DATA EXTRACTS section start
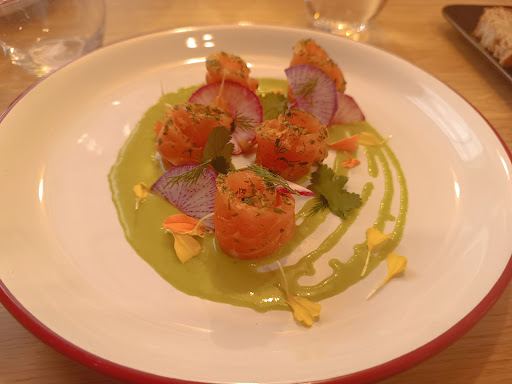 Accueil et installation : Nous avons été accueillis après 5 minutes d’attente. Nous avons été installés à une table le long du mur, mais l’agencement des tables nous a fait frôler les suspensions des luminaires en nous y rendant. Pas très agréable, mais bon, passons.
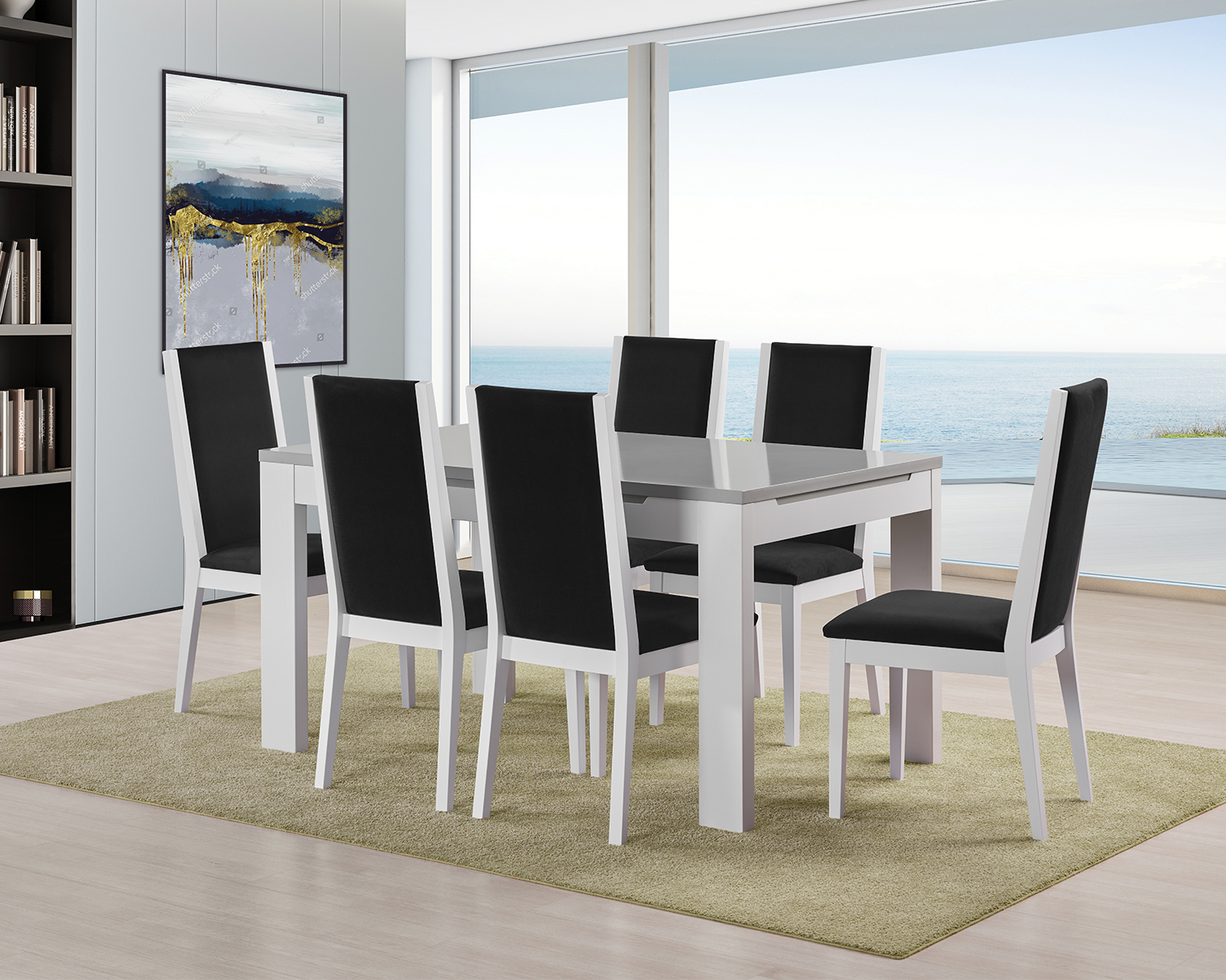 Cadeira para sala de jantar com assento estofado e costas estofadas com estrutura de rebordo e pernas em madeira. Elegante e confortável, apresenta várias opções de tecido e acabamentos em madeira.
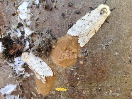 Wat bevind zich vlak achter de vlinder? (bruin pluisig spul met eitjes?)
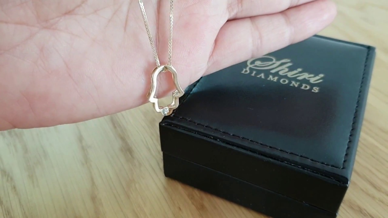 צפו בתליון חמסה מרחף 17.5מ"מ משובץ יהלום – עיצוב ייחודי בתנאים אמיתיים, כולל הברק, הפרופורציות ואיכות הגימור
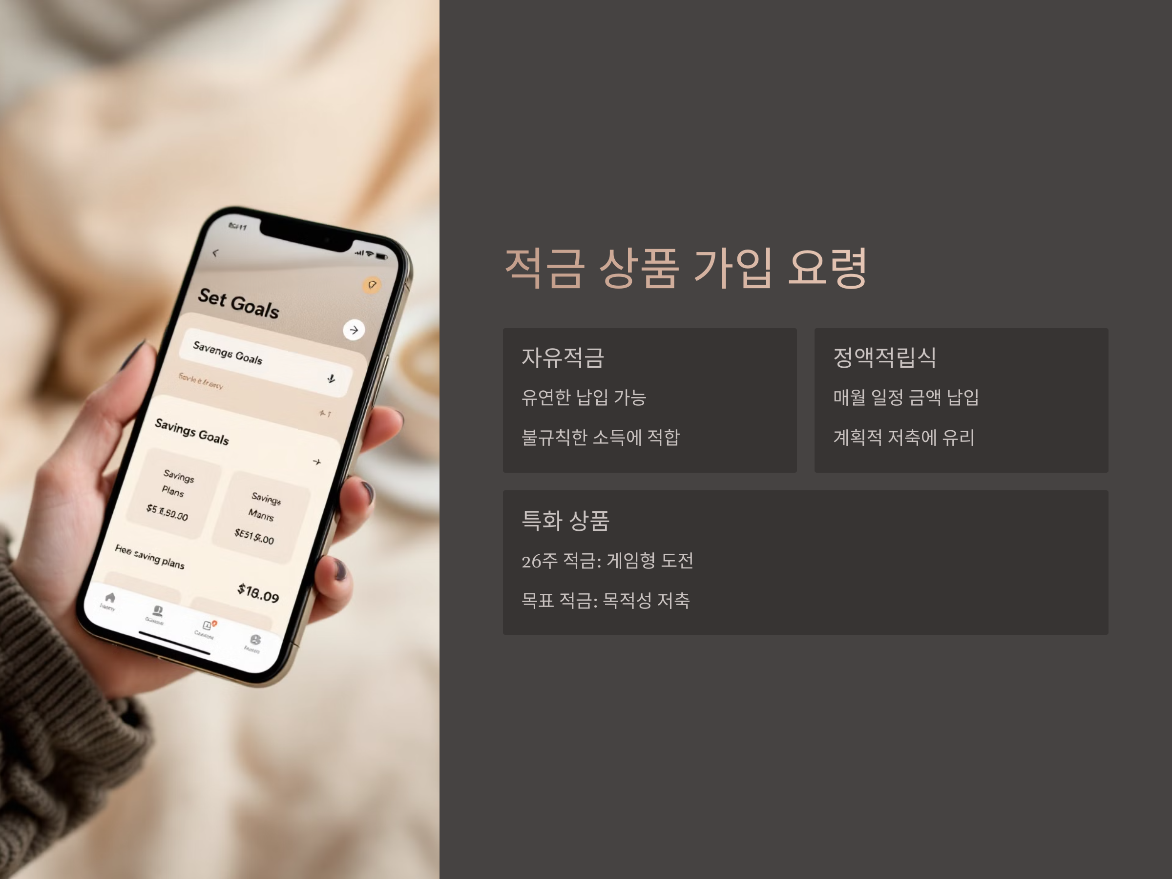 적금 상품은 '자유적금'과 '정액적립식 적금'으로 나뉘는데, 자유적금은 유연한 납입이 가능하고, 정액적립식은 일정한 금액을 매월 납입해야 하므로 자신의 소비 패턴에 맞는 상품을 고르는 것이 중요합니다.
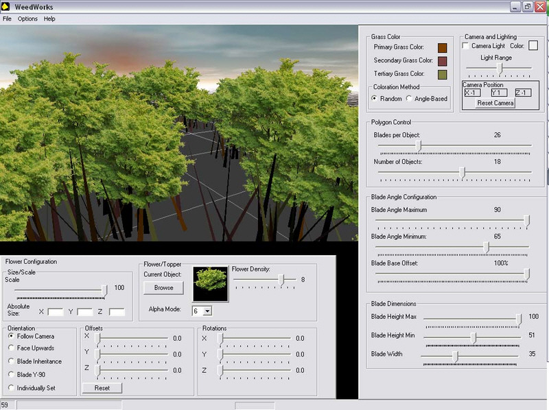 Weed Works is a fast-developing work in progress by Ethan D. Keiley, aka Alquerian. This freeware application is designed for rapid development of groundcover such as grass, weeds and other foliage. It has a multitude of options to create everything from a single blade to a landscape of extra-terrestrial, multi-coloured fields.
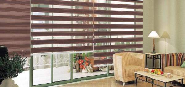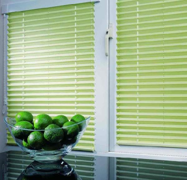 • Тканевые горизонтальные жалюзи. Так называемые жалюзи-плиссе чудесно вписываются в любой интерьер, хорошо защищая комнату от солнца.
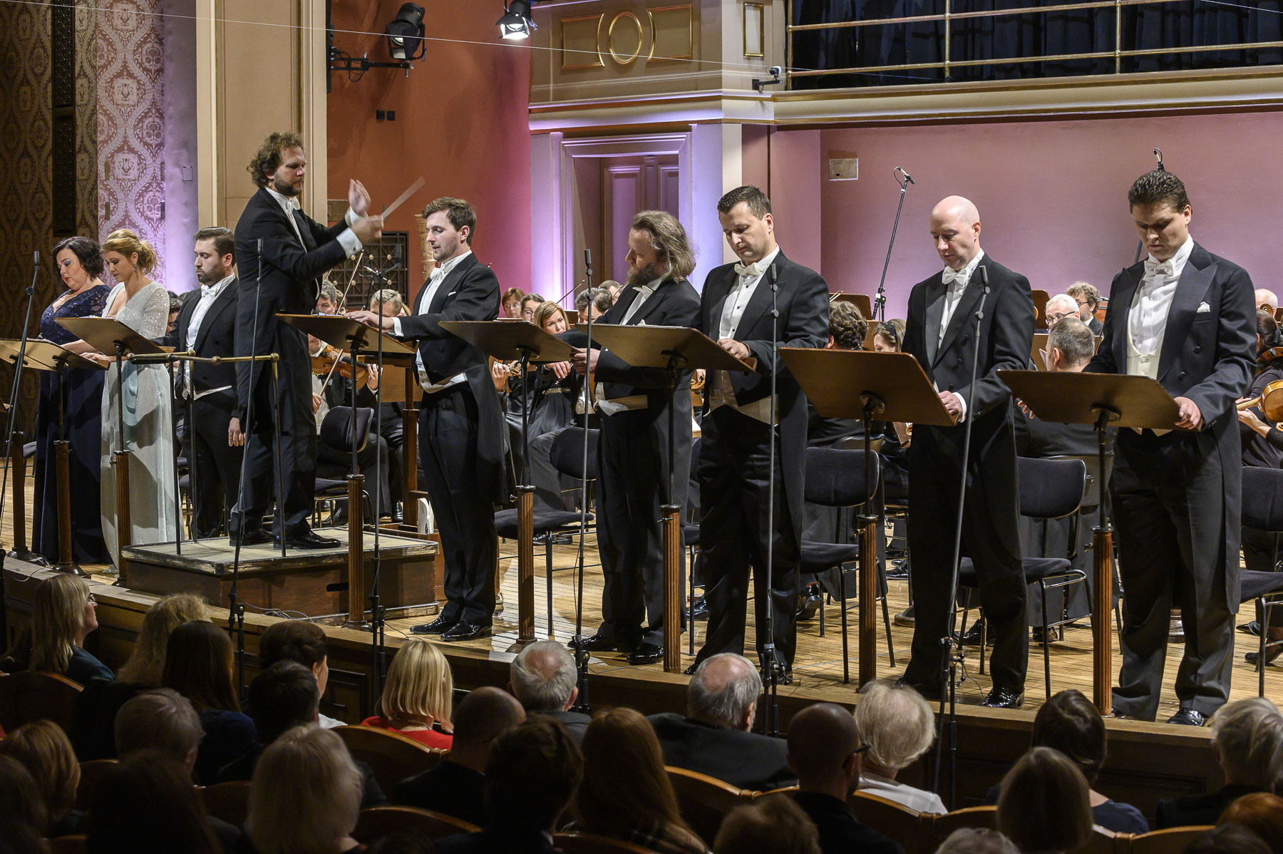 Nesnadného úkolu se ujal dirigent Tomáš Brauner, který zúročil své operní zkušenosti a uplatnil značnou pohotovost. A jak zaznělo na tiskovém brífinku, musel do toho všeho řešit i chyby v partech, protože na rozdíl od přípravy notových materiálů k uvedení Alfreda, zrekonstruovaných a odborně zrevidovaných pod vedením Jarmily Gabrielové, Akademie klasické hudby tentokrát finančně zabezpečila pouze digitalizaci původních rukopisů. U neznámého díla samozřejmě zůstává otevřená otázka, nakolik by zafungovala historicky poučená interpretace dle možností tehdejšího Prozatímního divadla a nakolik partitura vůbec umožňovala při obsazení velkého orchestru s deseti prvními houslemi a pěti kontrabasy větší dynamické kontrasty nad rámec převažujícího vydatného zvuku ve škále od forte po čtyřnásobné fortissimo. Brauner ovšem svými srozumitelnými gesty udržel základní souhru v rozvrásněné partituře i základní poměr zvukových hladin orchestru, sólistů a sboru (který se dozajista ještě doladí ve studiu pro nahrávku). Za tu cenu, že se sólisté museli často uchylovat k vypjatému dramatickému výrazu exponovanému i ve vysokých polohách jejich hlasového oboru.
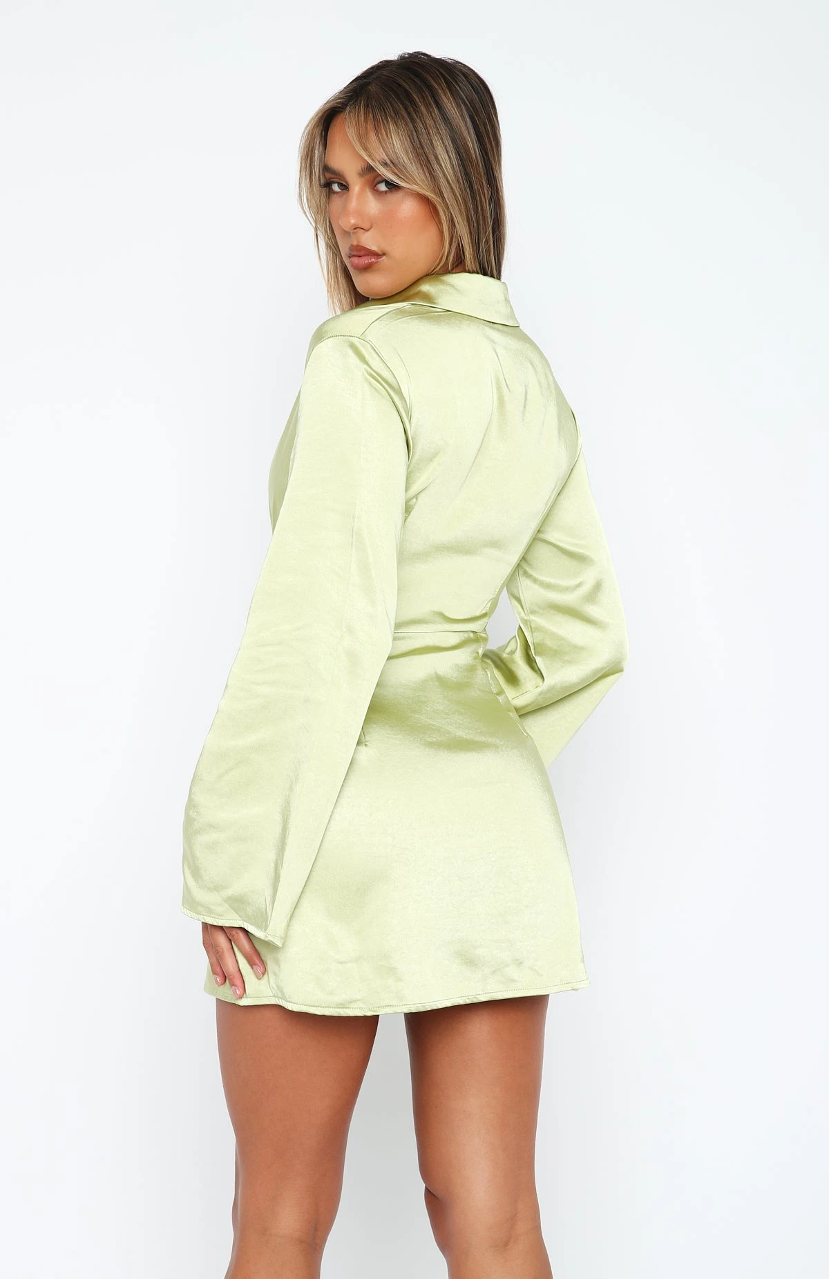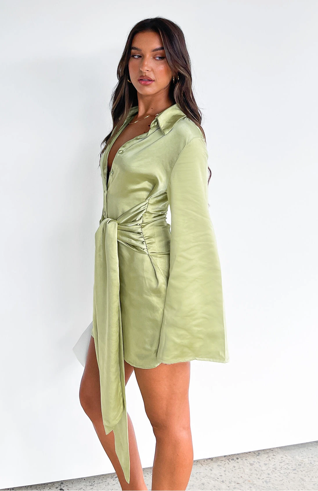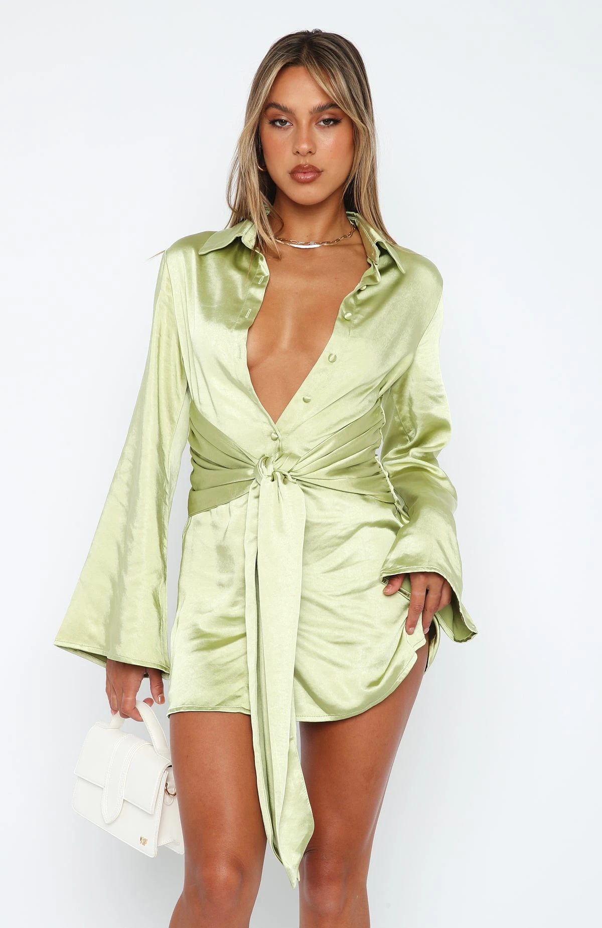 The Night Out Long Sleeve Mini Dress in Matcha speaks for itself. Featuring collared neckline, long sleeves, button-up front closure, front-tie design and lined, silk-feel fabric. Pair with gold accessories and perspex heels and get ready to be best dressed at your next event!Â
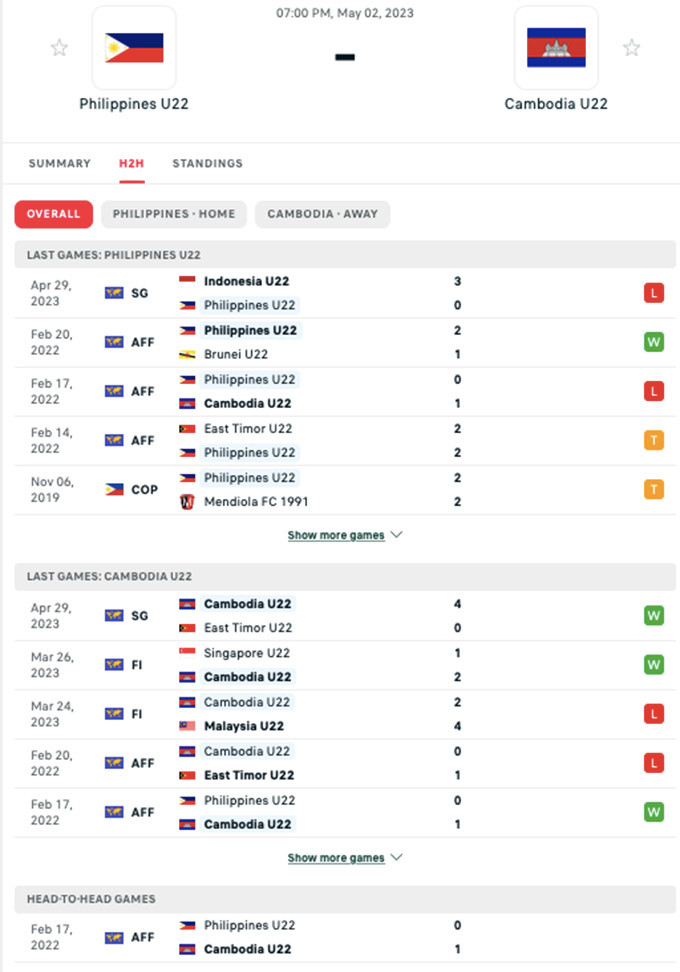 Đội hình xuất phát U22 Philippines vs U22 Campuchia
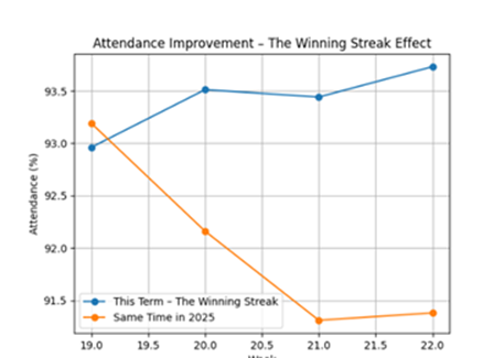We are extremely proud of how well the whole school has participated in our Winning Streak competition this half term. As shown in the graph, a fantastic number of students have achieved 100% attendance, with a significant improvement compared to the same time last year. Students have responded incredibly well, and the results reflect the collective effort across the school. An enormous well done to all our students, tutors and families for their continued commitment and support — thank you for helping make this such a success.
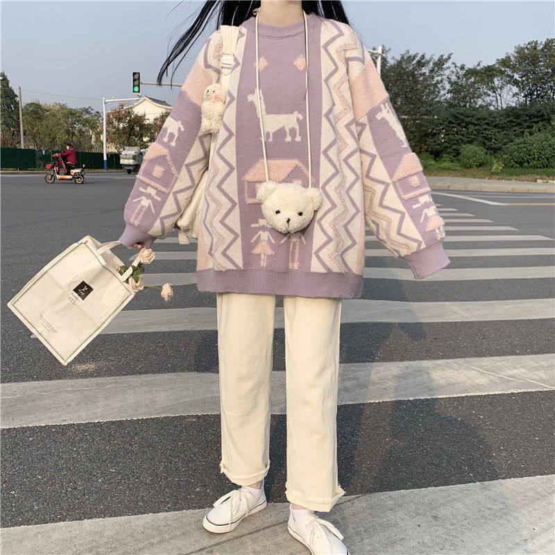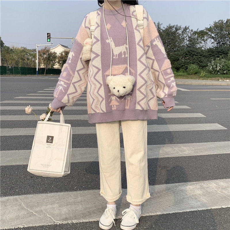 Японский сиреневый милый трикотажный демисезонный свитер для школьников и студентов, в корейском стиле, свободный крой
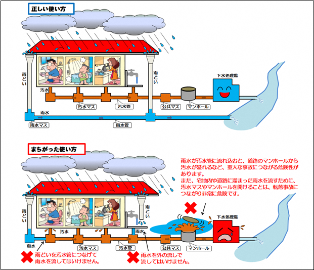 下水道(汚水管)に雨水が流れ込まないようにしましょう!
DATA EXTRACTS section end
> WHAT YOU WILL DO: Leave the pictures aside and give every entry above again word for word.

> WRITTEN SOLUTION:
 Accueil et installation : Nous avons été accueillis après 5 minutes d’attente. Nous avons été installés à une table le long du mur, mais l’agencement des tables nous a fait frôler les suspensions des luminaires en nous y rendant. Pas très agréable, mais bon, passons.
 Cadeira para sala de jantar com assento estofado e costas estofadas com estrutura de rebordo e pernas em madeira. Elegante e confortável, apresenta várias opções de tecido e acabamentos em madeira.
 Wat bevind zich vlak achter de vlinder? (bruin pluisig spul met eitjes?)
 צפו בתליון חמסה מרחף 17.5מ"מ משובץ יהלום – עיצוב ייחודי בתנאים אמיתיים, כולל הברק, הפרופורציות ואיכות הגימור
 적금 상품은 '자유적금'과 '정액적립식 적금'으로 나뉘는데, 자유적금은 유연한 납입이 가능하고, 정액적립식은 일정한 금액을 매월 납입해야 하므로 자신의 소비 패턴에 맞는 상품을 고르는 것이 중요합니다.
 Weed Works is a fast-developing work in progress by Ethan D. Keiley, aka Alquerian. This freeware application is designed for rapid development of groundcover such as grass, weeds and other foliage. It has a multitude of options to create everything from a single blade to a landscape of extra-terrestrial, multi-coloured fields.
 • Тканевые горизонтальные жалюзи. Так называемые жалюзи-плиссе чудесно вписываются в любой интерьер, хорошо защищая комнату от солнца.
 Nesnadného úkolu se ujal dirigent Tomáš Brauner, který zúročil své operní zkušenosti a uplatnil značnou pohotovost. A jak zaznělo na tiskovém brífinku, musel do toho všeho řešit i chyby v partech, protože na rozdíl od přípravy notových materiálů k uvedení Alfreda, zrekonstruovaných a odborně zrevidovaných pod vedením Jarmily Gabrielové, Akademie klasické hudby tentokrát finančně zabezpečila pouze digitalizaci původních rukopisů. U neznámého díla samozřejmě zůstává otevřená otázka, nakolik by zafungovala historicky poučená interpretace dle možností tehdejšího Prozatímního divadla a nakolik partitura vůbec umožňovala při obsazení velkého orchestru s deseti prvními houslemi a pěti kontrabasy větší dynamické kontrasty nad rámec převažujícího vydatného zvuku ve škále od forte po čtyřnásobné fortissimo. Brauner ovšem svými srozumitelnými gesty udržel základní souhru v rozvrásněné partituře i základní poměr zvukových hladin orchestru, sólistů a sboru (který se dozajista ještě doladí ve studiu pro nahrávku). Za tu cenu, že se sólisté museli často uchylovat k vypjatému dramatickému výrazu exponovanému i ve vysokých polohách jejich hlasového oboru.
 The Night Out Long Sleeve Mini Dress in Matcha speaks for itself. Featuring collared neckline, long sleeves, button-up front closure, front-tie design and lined, silk-feel fabric. Pair with gold accessories and perspex heels and get ready to be best dressed at your next event!Â
 Đội hình xuất phát U22 Philippines vs U22 Campuchia
We are extremely proud of how well the whole school has participated in our Winning Streak competition this half term. As shown in the graph, a fantastic number of students have achieved 100% attendance, with a significant improvement compared to the same time last year. Students have responded incredibly well, and the results reflect the collective effort across the school. An enormous well done to all our students, tutors and families for their continued commitment and support — thank you for helping make this such a success.
 Японский сиреневый милый трикотажный демисезонный свитер для школьников и студентов, в корейском стиле, свободный крой
 下水道(汚水管)に雨水が流れ込まないようにしましょう!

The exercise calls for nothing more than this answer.